Despite the efforts made by both the government and non-governmental organizations in playing a vital role in fighting against malaria amongst IDPs in northeastern states, the organizations include WHO, Medicines Sans Frontier, UNICEF, Nigerian Medical Association, etc. Still malaria cases are being found in various IDPs camps. According to Northeast Nigeria Response, made by Borno State Health Sector Bulletin, reports that “about 1, 687,703 IDPs were recorded in 5th November, 2016. The states include: Adamawa, Borno, and Yobe State respectively. The Borno State weekly surveillance reports as well as shows malaria, respiratory infections and watery diarrhea as the three leading causes of morbidity in the camps in Borno State.

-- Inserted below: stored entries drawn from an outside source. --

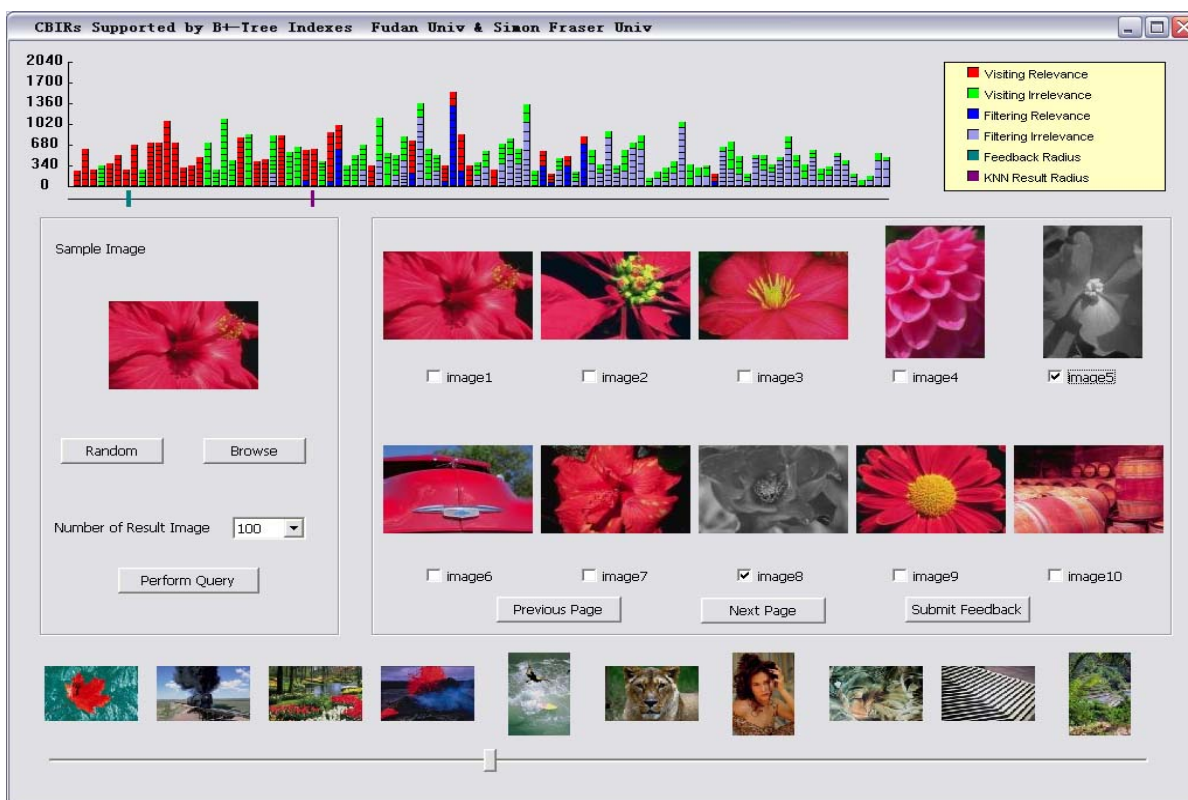
Figure 3: Demo system interface

Second, in the index construction, we use principle component analysis (PCA) to find the principle component with the maximum deviation in the data set, and use the best reference point in the component as the index reference. This is similar to the method in [9]. The best reference point in the principle component with the second largest deviation is used as the filtering reference to define the estimated distance. Then, the estimated distance is stored in the index, and does not need to be computed online.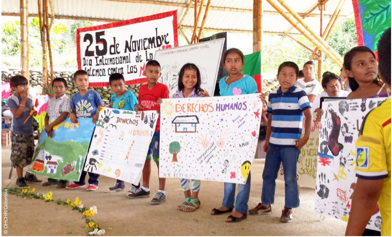
OHCHR activity with indigenous children in Colombia, November 2014.

former High Commissioner visited Georgia where, inter alia, she stressed that de facto authorities bear the responsibility to ensure protection in the context of a protracted conflict. She also offered OHCHR's assistance in contributing to this protection through increased monitoring. OHCHR's efforts to follow up the High Commissioner's 2011 mission to the Republic of Moldova, including to the Transnistrian region, resulted in the 2014 establishment of Transnistria's first system of alternative civilian service for conscientious objectors, as well as its first shelter for victims of domestic violence. The Office continued reporting on an annual basis to the Human Rights Council on the human rights situation in Cyprus and stressed that the division of the island continues to constitute an obstacle to the full enjoyment, by the entire population of Cyprus, of all human rights and fundamental freedoms. In the context of the crisis in the Central African Republic, the Office supported the Department for Peacekeeping Operations (DPKO) and the United Nations Multidimensional Integrated Stabilization Mission in the Central African Republic (MINUSCA) to ensure a robust human rights mandate. In planning processes for both MINUSCA and MINUSMA, the Office contributed to the development of indicators on the protection of civilians. The Office also contributed to Security Council briefings on the DRC, Iraq and South Sudan.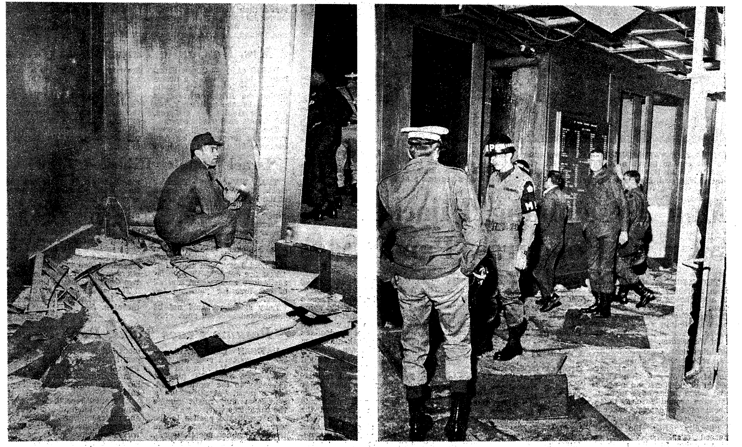
dentified military policeman stands between the shattered glass doors at the entrance to the I.G. Farben Building.

BOMB FRAGMENTS CHECKED—An EOD (explosive ordnance disposal) man holds some bomb fragments in his hand as he sifts through the debris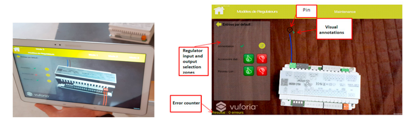
Fig. 2. (a) A screen-shot of the configuration guide module in augmented reality of the terminal controller; (b) A screenshot of the augmented reality maintenance guidance module.

verify the connection (see Figure 2-b). As this figure illustrates, by clicking on the pins the technician will have the choice between two checkboxes. He should click on the green button "correct" if the cable of his connected regulator (real model) is in the right place, or the red button "incorrect" if his cable is in the wrong place. To keep track of these checks, he will find instead of the pin a visual annotation. In addition, this module allows calculating the number of bad cables connected, the time of the execution of the task, the number of cliques and therefore to generate the report of results.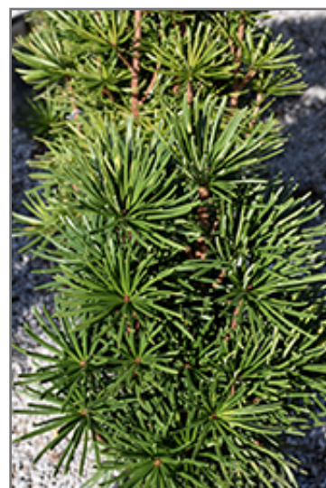
Green Star Umbrella Pine foliage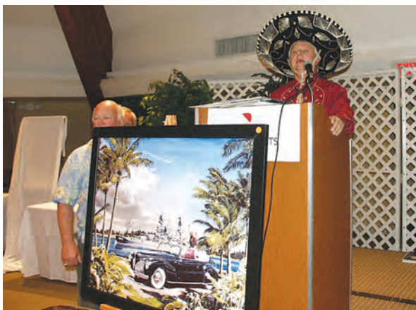
Left, auctioning off Den's painting of a 1941 Lincoln Continental at Pearl Harbor.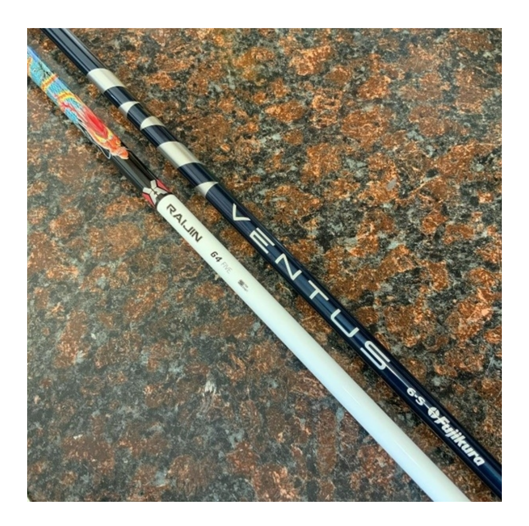
V.A. Composites Rajin and Fujikura Golf Ventus (Blue) shafts, and we're dying to hear how they're performing. The Rajin is a high launch-low spin shaft, and the Ventus is mid-launch and spin.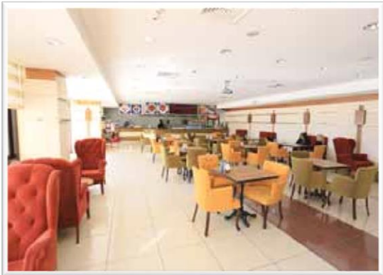
Fast Food Cafeteria (Gazi Officers' Club)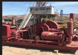
GD FDFXX, 5 1/2 x 8 Duplex Mud Pump...$28K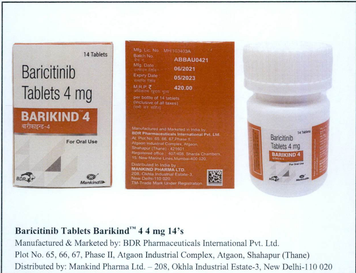
Baricitinib Tablets Barikind™ 4 4 mg 14's

Manufactured & Marketed by: BDR Pharmaceuticals International Pvt. Ltd.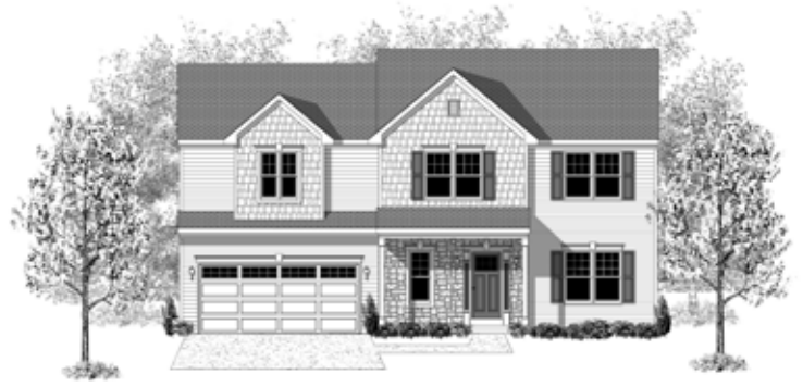
UPGRADED OPTIONAL ELEVATION A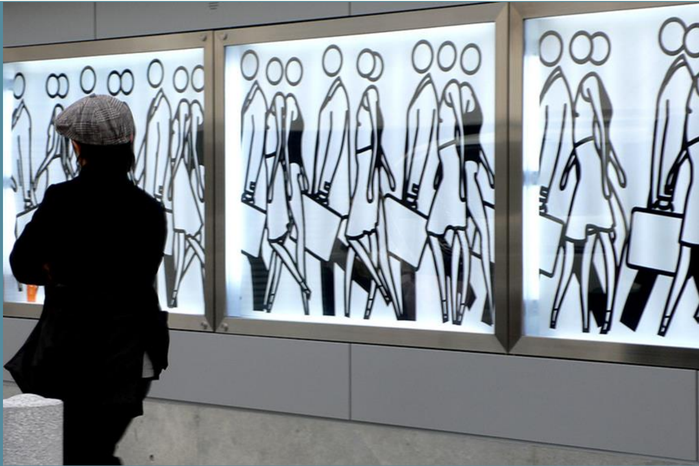
Photo courtesy of Shinichi Sugiyama @flickr.com) granted under creative commons licence - attribution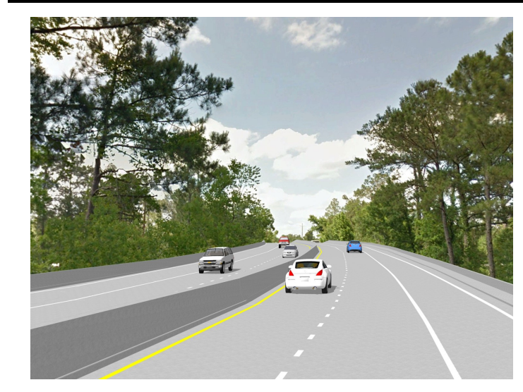
Visualization the Bridge Preferred Alternative. The view is looking north on US 11.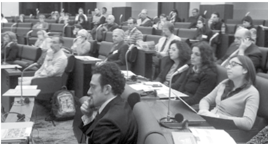
Italian FOP Conference

In the third day the focus was moved onto the Italian FOP Association activity performed in the last year, with a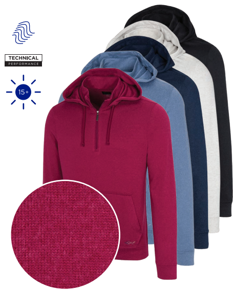
LAB 1/4-ZIP HOODIE 95% POLYESTER / 5% SPANDEX KNIT

Hoodie with a mock neck, Ultrasoft heathered handfeel, Kangaroo pocket, Blue-grey Shark logo on bottom left hem MSRP: $79.95 / GNCW3995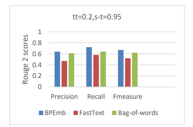
Figure 4. Rouge2 scores of Centroid summarizer based embedding models (BPEmb, and FastText) and bagof-words model with parameter values [tt=0.2, sim-t=0.95]

Figure 3. Rouge2 scores of Centroid summarizer based embedding models (BPEmb, and FastText) and bag-of-words model with parameter values [tt=0.3, sim-t=0.96]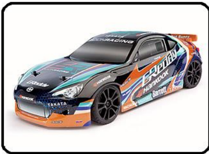
Scion Racing FR-S Rocket Bunny replica body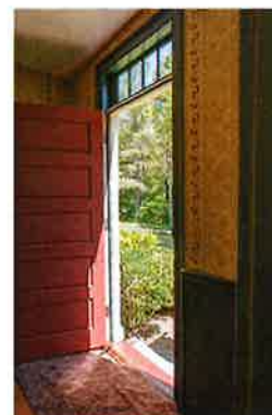
Let's Go Out & Explore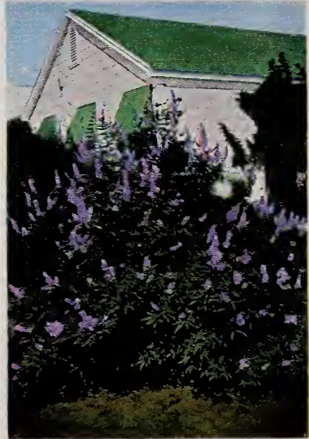
VITEK . . . See Page 11)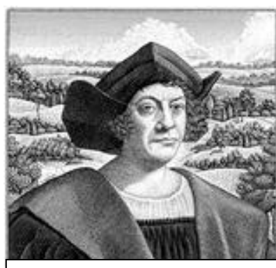
October, 1451 - May, 1506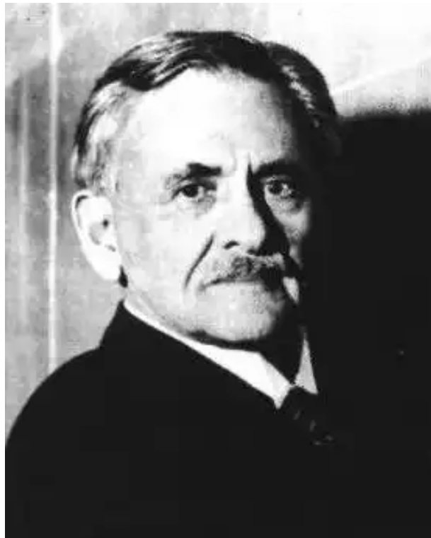
Fig. 1: Albert Abraham Michelson (1852-1931).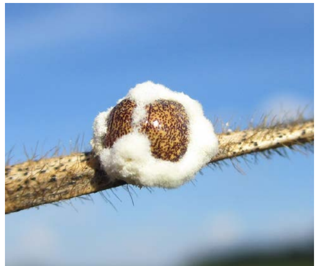
Figure 8. A kudzu bug adult infected by the fungal agent, Beauveria bassiana

Beauveria bassiana (Figure 8) is a soil-dwelling fungus that, when present, can provide high levels of kudzu bug control. This fungus has been positively identified on kudzu bug in Virginia and rapidly spreads between bugs as they aggregate to overwinter.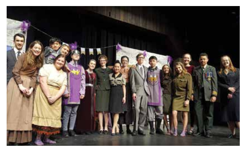
The talented cast of "The Mouse that Roared" showing off their creative costumes.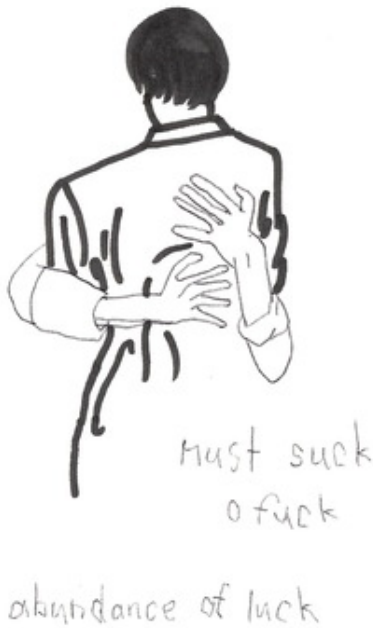
must suck, 2019 felt marker on paper, A5

-- -- -- managing and leading a workshop Loopt nog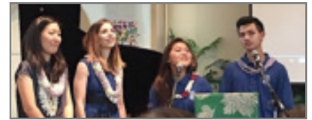
Above: performers at the Hiroshima-Nagasaki Remembrance Day event hosted by Iao UCC on Sunday, Aug. 2nd.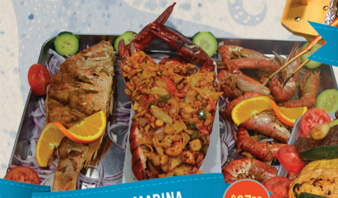
CHAROLA MARINA $97 99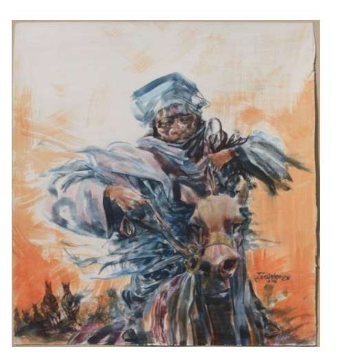
Fig 16: Eleshin, The Horse

Copyright © IAARR, 2007-2016: www.afrrevjo.net Indexed African Journals Online: www.ajol.info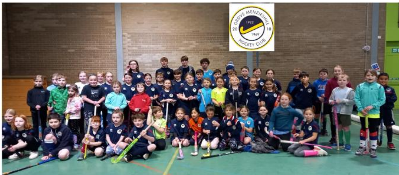
Youth Indoor Hockey Training session

The primary objective of the club is to increase participation in the sport of hockey within the Dundee area. Further progress has been made in achieving this objective. The club actively raises funds to support this.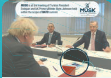
2021 Nato Leaders Summit Boris Johnson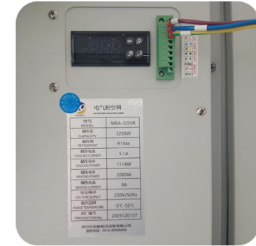
Temperature Control System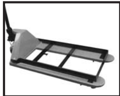
Skid Adaptor allows trucks to be used with both pallet & skid Easy to switch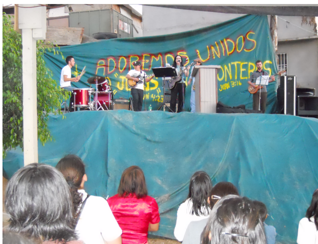
Leading worship with partners in Tijuana. "Worship without borders"

Every month, VOB sponsors Place o.f Worship San Diego. P.o.W. exists to advance the Kingdom of GOD, through worship and intercession. The goal of our gatherings, is to worship the King of kings & the Lord of lords, partnering with Him, as we worship, to prophetically promote the causes and presence of the Lord Jesus Christ. We do this through music, intercession, Scripture reading, prophetic art & dance. We also fully believe that each person who attends, should be able to contribute, in whatever way they can, as the Lord leads. So we open things up for others to participate throughout the evening. We specifically invite artists, dancers & intercessors, to come & be with us, knowing that, without the full Body of Christ, we cannot move forward. In addition, we collect non-perishable food items, for the needy, as part of our 'worship and compassion' mandate. Our priorities: Worship the Lord, prayer for the nations, food for the needy.

In Epi week 43, 12,526 consultations were recorded from 23 IDP camps, 5,295 only for malaria cases”. Internally Displaced Persons’ camps in Nigeria especially those that are unregistered with government are crowded with different folks of different characters from diverse background, with inadequate infrastructures, poor sanitation, lack of enough food and medication, poor orientation on health status, discrimination and stigmatization by people, crowding, unlawful detention and many more challenges.
Internally displaced persons at various Nigerian IDPs camps such as new Kuchingoro camp in Abuja reportedly in 2016, have complained about rising cases of malaria infection in the camp.
The camp secretary, Mr. Enoch Yohannah, said about 20 IDPs mostly women and children were in critical condition by then. This is to draw the attention of Government and Non-Governmental organizations, donors and aides groups to enhance their actions for savings and reviving more lives.